Before starting I should say (so as not to drip feed) that I have borderline personality disorder which means I can struggle with relationships. This therefore may be impacting on my understanding of the below and so I am looking for other opinions.
When I was 17 I was in an abusive relationship for nearly 2 years. This was my first relationship. He was physically and emotionally abusive and isolated me from all my friends and family.
During this relationship he used to touch me sexually whilst I was sleeping. Due to having BPD I struggle to sleep and regularly take sleeping tablets and so sleep very deeply. I started having “dreams” that he was touching me and performing oral sex on me whilst masturbating. Initially I dismissed it as dreams but then one time woke up and caught him doing it.
When I woke up I was confused and didn’t say anything. I just pretended to still be asleep until he had finished. Later that day I challenged him about it but he denied it.
Anyway the relationship continued and this continued happening until I fell pregnant and I decided that I didn’t want my child to be born into an abusive relationship and left him.

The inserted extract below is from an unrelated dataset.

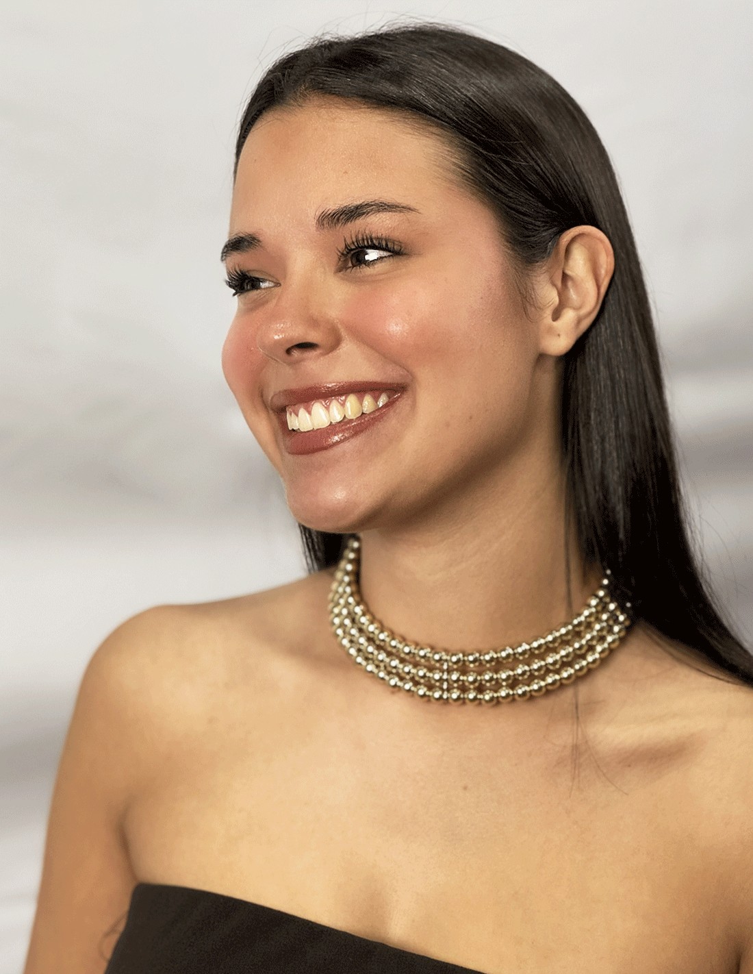 Brillez de mille feux avec ce tour de cou doré à trois rangs de perles, une pièce polyvalente et sophistiquée qui rehausse n'importe quel look. Son design délicat allie l'élégance classique à une touche de modernité, parfaite pour les événements spéciaux comme pour la vie de tous les jours.

3 years later I met my now husband. He is a good man and has never been abusive. I told him about my history from very early on and he was very supportive.
Then 6 months into the relationship I wake up and he was touching me sexually. Once again i just lay there and pretended to be asleep. Then I challenged him about it later and he admitted it and said he was sorry. I thought that was the end of it but it kept happening. By this time I had given up and just accepted it is something men do.
My relationship with my husband has recently ended, for other reasons, and I am left confused. I always hated how this sexual touching made me feel kind of used but am I over reacting? Is it normal sexual contact between two adults who are in an intimate relationship?
I am now single and don’t plan on having another relationship for a long time, if at all but there are things that I am so confused about and need to put to bed. Any insight anyone can give would be great.